Tag Archives: renewable energy

Cost of fracking simply too high

The debate about onshore gas extraction often becomes a debate about scientific measurements and facts, safety and risks. But to understand why gas mining is such a bad lousy and undesirable way to produce energy, you must first have a clearer picture of what the alternative to gas is: Renewable energy. The advantages of renewables are just as important to bring into the debate as the disadvantages of the unconventional gas production.


Dr Anthony Ingraffea does just that in this presentation, where he focuses on the methane leakage in the unconventional gas extraction method and on the move to renewables.

“When the dust clears and the science is done, somewhere around five and six percent of all the natural gas that is produced today never gets burned, it gets vented. And that is really bad for climate change.”

» The slides he shows can be seen here (though in different order): Ingraffea_NYS_Green_Building_Conference_march_2014.pdf


how much time do we have

When all environmental and human costs are included, the cost of fracking is simply too high, explains Dr Anthony Ingraffea. He not only talks about the local effect on water, the health repercussions and the global effect on the climate, he also goes in depth with what an alternative vision to New York’s energy future would look like. And why it makes better sense economically.

Dr Anthony Ingraffea asks for a rational cost-benefit analysis of onshore gas extraction.
“Let’s talk about risk,” he says: “Accidents will happen. How do you cost the risk?”

According to Anthony Ingraffea, rejecting onshore gas extraction is about moving renewables faster to relay climate change. He explains what could be an alternative to shale gas for New York State, how New York could run on 10 percent (4,000) onshore wind turbines, 40 percent (12,000) offshore wind turbines, 10 percent concentrated solar, 10 percent solar PV plants, 6 percent residential rooftops, 12 percent commercial government rooftops, 5 percent geothermal, 0.5 percent wave, 1 percent tidal and 5.5 percent hydro.

“We will be an all electricity state. This can be done. And it will create roughly 58,000 permanent fulltime jobs. Reduce airpollution mortality. 4,000 people in New York die from air emissions.
Now you are sitting there saying, ‘Hey, wait a minute! That is the heck of a lot of work!’
Compared to what?
50.000 to 100.000 wells? That is the hell of a lot of work! 8.000 to 16.000 pads? That is a lot of cement, concrete, a lot of earth moving, a lot of CO2. 500 to 1,000 compressor stations? Thousands of miles of new pipelines, thousands of incidents of well water contamination, increase of New York’s contribution to global warming… and this is the kicker: a hundred tons of steel per well, and once they put it down there, it is gone forever. Whereas anything you build on the surface is recyclable.”
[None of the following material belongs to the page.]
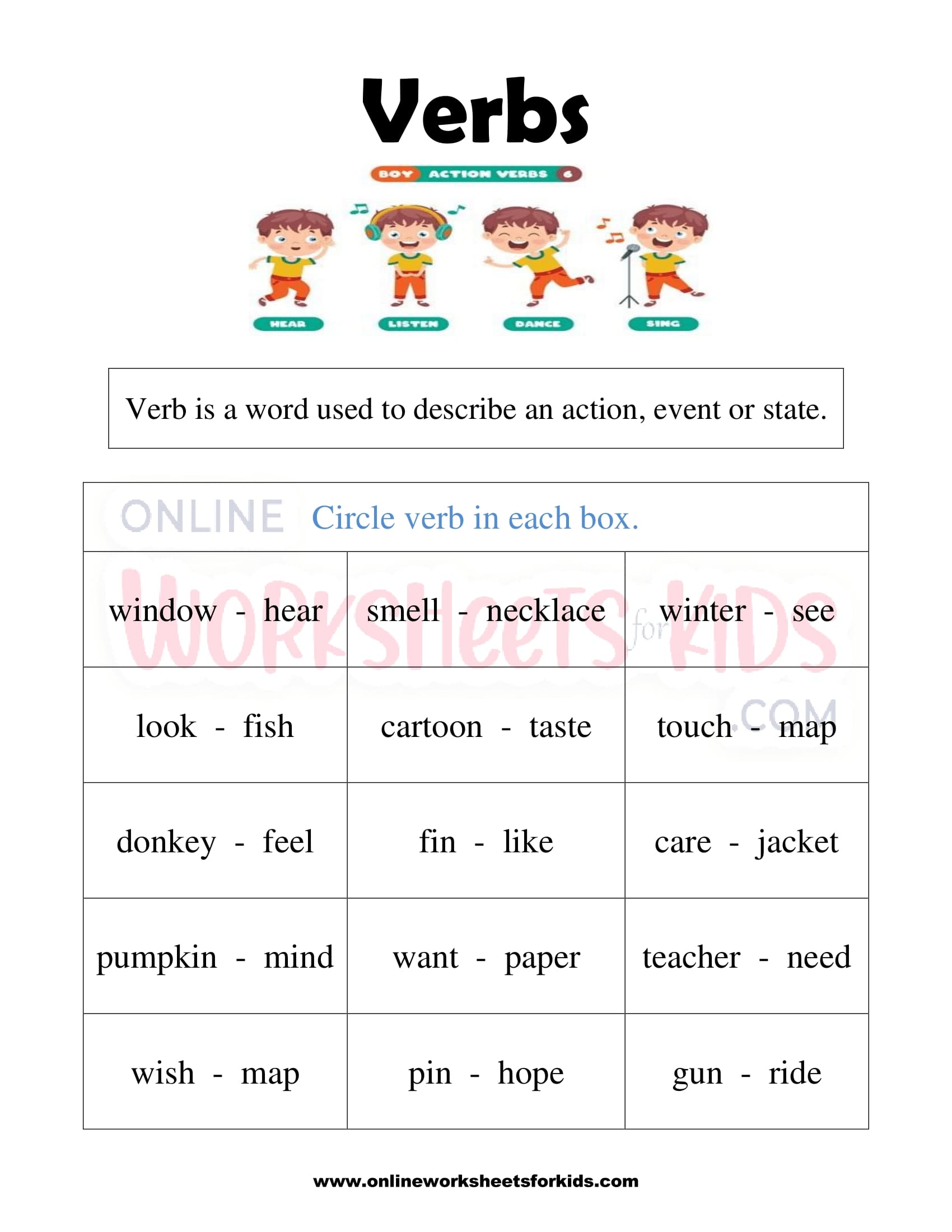 Verbs Worksheet For Grade 1 - Web learning first grade verbs is a basic need for every young learner who dreams of stars and sleeps on clouds, so print our verbs worksheets for grade 1 and let the learning begin. Circle the verbs worksheet 1 Ann is looking at her pet. Web grade 1 verbs worksheet answers: Web writing sentences with verbs worksheets. Students identify the verbs from a list of words. We __smile__ when we are happy. Students circle the present tense action verb in given sentences. Past, present and future tenses; The font style and size appropriate for grade 2 students. Identifying and using verbs is emphasized, and the past, present & future tenses are considered. These grade 1 grammar worksheets introduce verbs as action words. Students identify the verb from groups of words. English as a second language (esl) grade/level: Award winning educational materials designed to help kids succeed. Identifying action words and verbs; He is hopping like a rabbit. First grade students will enjoy learning about actions words as they color nouns and verbs, use verbs to fill in blanks in sentences, and as they write and illustrate sentences of their own! Worksheet #1 worksheet #2 worksheet #3. Award winning educational materials designed to help kids succeed. Web verbs online exercise for grade 1 live worksheets > english > english as a second language (esl) > verbs > verbs verbs this worksheet helps the kids to identify verbs. Kids encouraged to learn more about the topic and do a research using different sources. Identifying and using verbs is emphasized, and the past, present & future tenses are. Bear called raked swim grass fell reads hop smile verbs are “doing” words. Advanced level worksheet recommended for grades 5 and up. English as a second language (esl) grade/level: Aligned with reading wonders grade 2 unit 4 week 1 grammar. English as a second language (esl) grade/level: The verbs are all action words (not linking verbs). Web action verbs online exercise for grade 1 live worksheets > english > grammar > action verbs > action verbs finish!! Web present tense verbs worksheet grade 1. Web verb (grade 1)interactive worksheet (action verbs) for grade 1. The teacher _reads_______ us a book. English as a second language (esl) grade/level: Web action verbs worksheet 1. Web present tense verbs worksheet grade 1. The teacher _reads_______ us a book. First grade students will enjoy learning about actions words as they color nouns and verbs, use verbs to fill in blanks in sentences, and as they write and illustrate sentences of their own! These grade 1 grammar worksheets introduce verbs as words which do something. Advanced level worksheet recommended for grades 5 and up. In this grammar worksheet, your child learns that verbs are doing and being words, picks verbs out of a list, and completes sentences with the appropriate verb. Verbs ending in ed and ing grade 2 verbs worksheets. K, 1st. K, 1st print full size skills english grammar, learning about verbs, parts of speech In this grammar worksheet, your child learns that verbs are doing and being words, picks verbs out of a list, and completes sentences with the appropriate verb. This reading worksheet will help students practice their comprehension skills. Ann is looking at her pet. Web action verbs. I ______catch___ every ball that i can. Web identifying verbs as action words. Verbs link to this worksheet: Web grade 1 verbs worksheets. These grade 1 grammar worksheets introduce verbs as words which do something. These worksheets introduce verbs as action words. Web verb (grade 1)interactive worksheet (action verbs) for grade 1. A good exercise to reinforce the concept that every sentence needs a verb. These grade 1 grammar worksheets introduce verbs as words which do something. Identify words that do something. Web grade 1 verbs worksheet answers: Action verbs worksheets for grade 1 author: Verbs ending in ed and ing grade 2 verbs worksheets. Web learning first grade verbs is a basic need for every young learner who dreams of stars and sleeps on clouds, so print our verbs worksheets for grade 1 and let the learning begin. Web first grade verb worksheets teach children to identify verbs with this set of 5 worksheets. I ______catch___ every ball that i can. Circle the verbs worksheet 1 Award winning educational materials designed to help kids succeed. Students identify the verb from groups of words. This verbs worksheet pack is a no prep, printable worksheet pack designed to suit kindergarten, year 1 ( 1st grade ) and year 2 ( 2nd grade ). Past, present and future tenses; The teacher _reads_______ us a book. Advanced level worksheet recommended for grades 5 and up. Web this set of 3 worksheets provides practice identifying and writing with action verbs.worksheet 1: Identifying action words and verbs; Worksheet #1 worksheet #2 worksheet #3 worksheet #4 worksheet #5 similar: Web action verbs online exercise for grade 1 live worksheets > english > grammar > action verbs > action verbs finish!! Learning all about verbs in these key stages is integral to ensuring students academic success. He is jumping over the wall. We __smile__ when we are happy. Part of a collection of free grammar worksheets from k5 learning; In this grammar worksheet, your child learns that verbs are doing and being words, picks verbs out of a list, and completes sentences with the appropriate verb. He is jumping over the wall. Web grammar grade 1 verbs using verbs using verbs using verbs in sentences worksheets students identify the verbs from a list, and then use those verbs to complete simple sentences. English as a second language (esl) grade/level: The verbs are all action words (not linking verbs). He is hopping like a rabbit. Web first grade verb worksheets teach children to identify verbs with this set of 5 worksheets. Action verbs vs linking verbs; Award winning educational materials designed to help kids succeed. Web browse printable 1st grade action verb

“Renewables will stabilize energy prices and improve energy security. We own the wind, the sun, the water. Their fuel cost is zero. It is cost effective. The $486 billion price tag is paid off entirely in health-cost and climate-cost savings of $36 billion per year over 14 years. Emission decreases would reduce 2050 climate costs by billions of dollars per year.”


Dr Anthony Ingraffea argueed against the proposition that “New York State and/or Starkey Township should allow High Volume Shale Gas Extraction” at a debate sponsored by the Town of Starkey held on 23 January 2013 at the high school auditorium in Dundee, New York, USA.